Jay W. Forrester was a pioneer in early digital computer development and invented random-access, coincident-current magnetic storage, which became the standard memory device for digital computers.

Invention Impact

Random Access Memory (RAM) is a computer storage device which allows data to be accessed in any order, and Forrester’s original coincident current system was used in all computers until the development of static and dynamic RAM systems in the 1960s.

Coincident current system was a precursor to magnetic core memory which was invented by a teammate on MIT's Whirlwind project, Kenneth Olsen.  This system used a small number of wires to control a large number of cores, and it depended on the magnetic properties of materials to perform switching and amplification.  Forrester’s original attempts at core memory used ceramic bobbins and wires, but the system proved to be temperamental and unreliable.

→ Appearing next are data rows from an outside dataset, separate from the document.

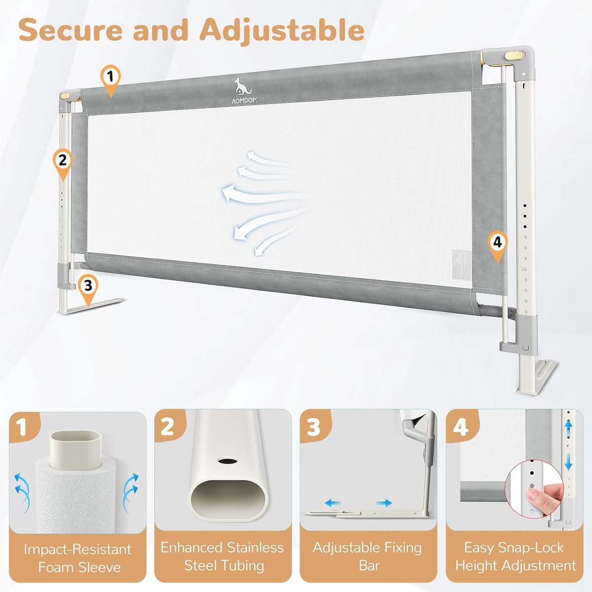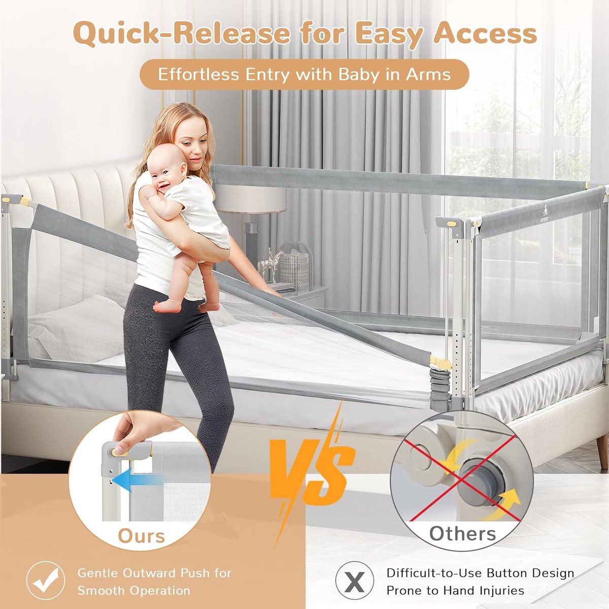 Bedhekje voor peuters: ons CE-geteste bedhekje is verkrijgbaar in 5 maten (134 cm) en past op de meeste bedden. Het is een betrouwbare metgezel voor peuters en een nuttig hulpmiddel voor ouders. Het bestaat uit staal en ademend net en voorkomt dat baby's uit bed rollen en maakt een eenvoudige bewaking door de verzorgers mogelijk. In hoogte verstelbaar en naadloos design: met 11 verstelbare hoogteposities van 71 tot 91 cm past ons bedhekje voor peuters zich aan verschillende matrasdiktes aan. De onderste dwarsbalk fixeert de matras stevig en creëert zo een naadloze verbinding tussen de leuning en de matras. Daardoor wordt de veiligheid van de baby gegarandeerd door te voorkomen dat hij met het hoofd of de handen en voeten blijft hangen. Zacht verticaal optillen: ons bedhek voor peuters is uniek uitgerust met een eenzijdige verlagfunctie. Met slechts één hand kunnen moeders en vaders de gespen gemakkelijk naar buiten trekken om elke kant onafhankelijk van elkaar te laten zakken, zelfs als ze hun baby vasthouden. Het dubbele gespsysteem voorkomt onbedoelde bediening en zorgt zo voor extra veiligheid. Stevig en veilig materiaal: onze bedhekken bestaan uit een sterk stalen frame voor buitengewone stabiliteit en . Het ademende mesh-weefsel bevordert de luchtcirculatie en zorgt ervoor dat kleine kinderen zich tijdens het slapen goed voelen, terwijl het tegelijkertijd het zicht voor de ouders verbetert. Voor extra bescherming hebben wij de horizontale stang voorzien van een schokbestendige schuimvulling.
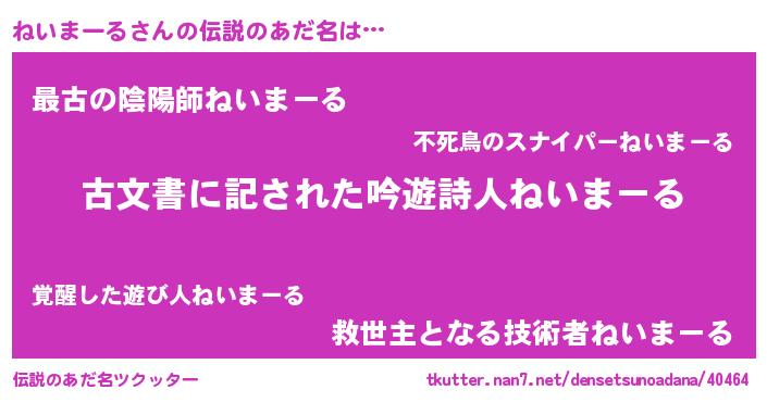 | 意味不明あだ名 | 『永久保存ねいまーる』 |
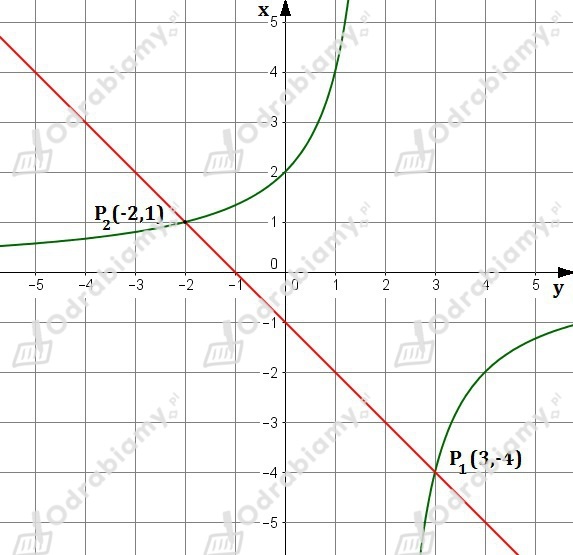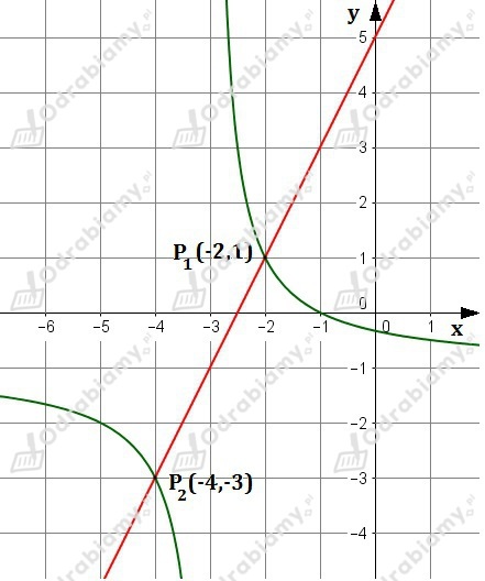 Punkty przecięcia wykresów to P1=(-2,1) oraz P2=(-4,-3).
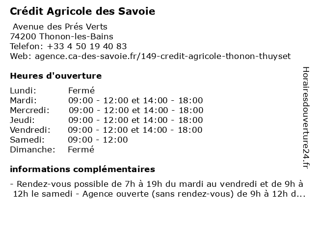 1 Crédit Agricole des Savoie (Distance: 1,25 km) 2 Avenue Saint-François de Sales, 74200 Thonon-les-Bains agricole, crédit, des, savoie 2 Crédit Agricole des Savoie (Distance: 1,76 km) 10 Place Jules Mercier, 74200 Thonon-les-Bains agricole, crédit, des, savoie 3 Crédit Agricole des Savoie (Distance: 3,56 km) 19 Chemin d'Hirmentaz, 74200 Thonon-les-Bains agricole, crédit, des, savoie 4 Crédit Agricole des Savoie (Distance: 3,86 km) Avenue de la Rive, 74500 Publier agricole, crédit, des, savoie 5 Crédit Agricole des Savoie (Distance: 7,53 km) 68 Quai Charles-Albert Besson, 74500 Évian-les-Bains agricole, crédit, des, savoie 6 Crédit Agricole des Savoie (Distance: 10,45 km) 251 Route du Chablais, 74500 Saint-Paul-en-Chablais agricole, crédit, des, savoie |
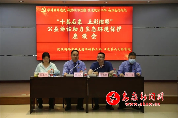 活動現(xiàn)場,采訪團(tuán)通過聽取介紹、觀看展板和公益訴訟宣傳片,了解了近年來石泉縣人民檢察院致力于守護(hù)“青山、綠水、藍(lán)天、黃土、紅色旅游資源”等公益訴訟相關(guān)領(lǐng)域上的創(chuàng)新舉措和取得的成效。座談會上,石泉縣人民檢察院黨組書記、檢察長程文亮對與會人員的到來表示歡迎并就現(xiàn)階段公益訴訟工作情況作了簡單介紹。第二檢察部副主任呂松對石泉縣人民檢察院公益訴訟“十美石泉、五彩檢察”工作進(jìn)行了詳細(xì)匯報(bào),并對采訪團(tuán)就重點(diǎn)辦理推進(jìn)漢江水體生態(tài)保護(hù)、“散亂污”企業(yè)綜合治理、縣域土地資源保護(hù)等方面的具體案例進(jìn)行了深入講解。會后,采訪團(tuán)對補(bǔ)植復(fù)綠工作進(jìn)行了實(shí)地走訪。大家紛紛表示,將認(rèn)真歸納整理石泉縣人民檢察院的特色亮點(diǎn)工作和先進(jìn)典型事跡,深入挖掘好故事,用心描寫創(chuàng)新點(diǎn),努力傳播正能量,充分展示檢察機(jī)關(guān)的良好形象,讓人民群眾更好地了解和支持檢察工作,讓石檢好聲音和法治“正能量”走出“法律圈”融入百姓“朋友圈”。
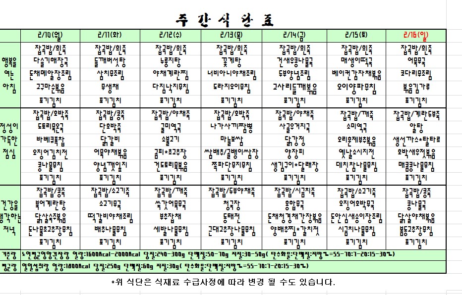 | 2020.02.10~02.16 주간식단표 관리자2020-02-07조회수 3546 |
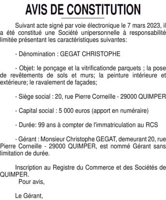 La présentation de votre annonce peut varier selon la composition graphique du journal
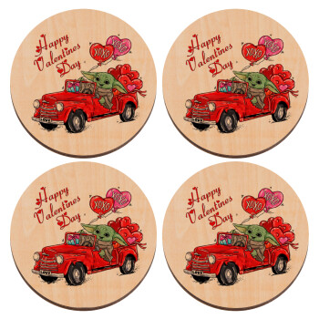 Yoda, happy valentines day (xoxo), ΣΕΤ x4 Σουβέρ ξύλινα στρογγυλά plywood (9cm)
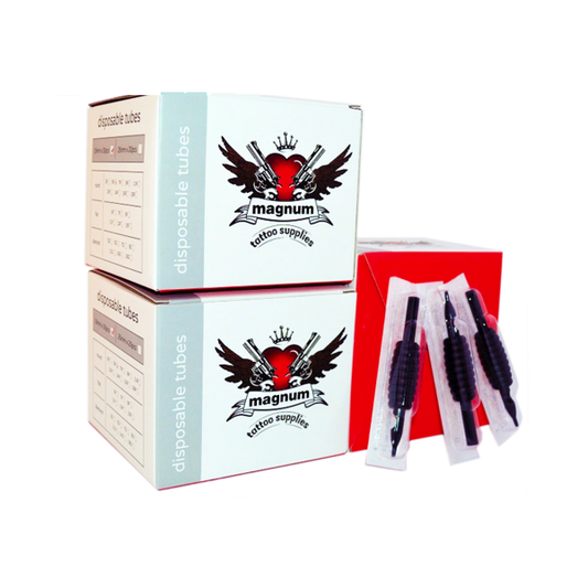 The professional disposable tips from Magnum Tattoo Supplies are must-have items for any quality tattoo parlour. Delivered in boxes of 20, they even come with grips included! The 1” firm rubber grips are comfortable for tattoo artists to hold, even when inking complex or large designs. Plus, the grips have a non-slip, ribbed design that helps provides excellent hand control during sessions.
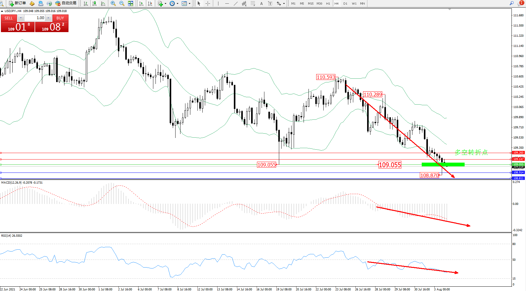 技术点评:空头动力延续布林带指标通道中下轨区间持续震荡下行,低位抵达108.870位置后短暂回升,但下行趋势态势良好,依旧有进一步向下移动态势,前期低位已然破位,布林带指标呈下行趋势走势持续中,MACD指标处于空头区域不断下移,RSI指标处于看头区域持续震荡下行;
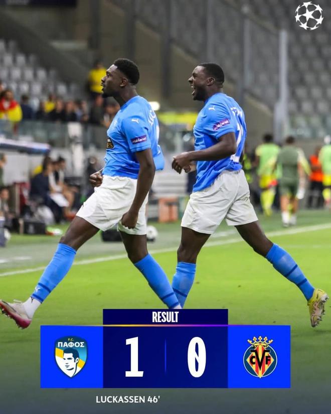 此役最大的功臣则是卢卡森,他打入了全场唯一进球。历史时刻发生在比赛第47分钟,帕福斯赢得角球机会。塞马踢出一记弧度极佳的传中进入比利亚雷亚尔禁区,埋伏在后点的卢卡森,高高跃起力压防守队员头槌破门,帕福斯1-0比利亚雷亚尔,主场6314名现场观众瞬间沸腾了,最终凭借着这一粒历诗般的进球,拿下了队史首场欧冠胜利。
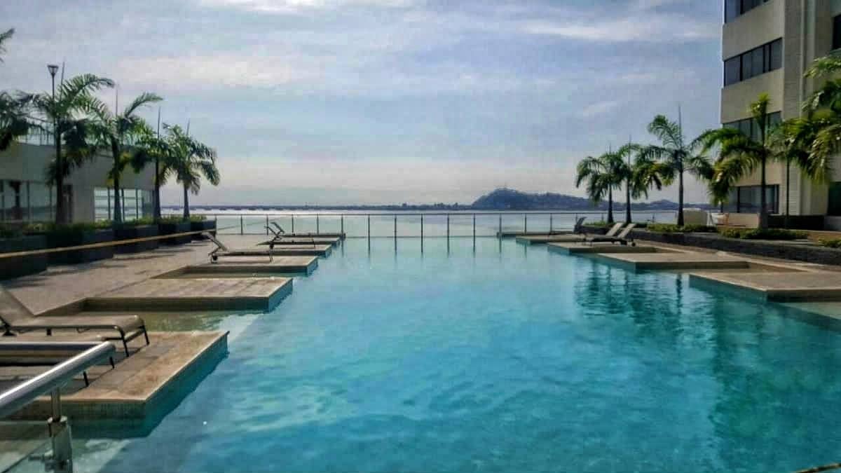 Se on erittäin mukava ja viihtyisä sviitti Guayaquilin parhaalla alueella, josta on näkymät Guayas-joelle, joka sijaitsee Puerto Santa Ana Edificio Torres Bellini I: ssä keskeisellä sektorilla 5 minuutin päässä lentokentältä, yöelämästä, ravintoloista, muutaman metrin päässä Wyndham-hotellista, joka on ihanteellinen matkailijoille tai matkailijoille. Se sisältää wifin, Netflixin ja kaiken, mitä tarvitset miellyttävään majoittumiseen. Rakennuksessa on oma voimalaitos.

Forrester’s inventions are the precursor to the modern computer and semiconductor industries today in the world.

Inventor Bio

Born In Climax, Nebraska, Forrester lived on a Nebraska cattle ranch until he entered the University of Nebraska, where he received a B.S. degree in Electrical Engineering in 1939. Forrester received a M.S. degree from the Massachusetts Institute of Technology in 1945. Following his work in computers, Forrester turned his attention to societal systems. The field of system dynamics was created in 1956 under his leadership to evaluate how alternative policies affect growth, stability, fluctuation, and changing behavior in corporations, cities, and countries. He is currently Germeshausen Professor at MIT, where he directs the System Dynamics Program in the Alfred P. Sloan School of Management.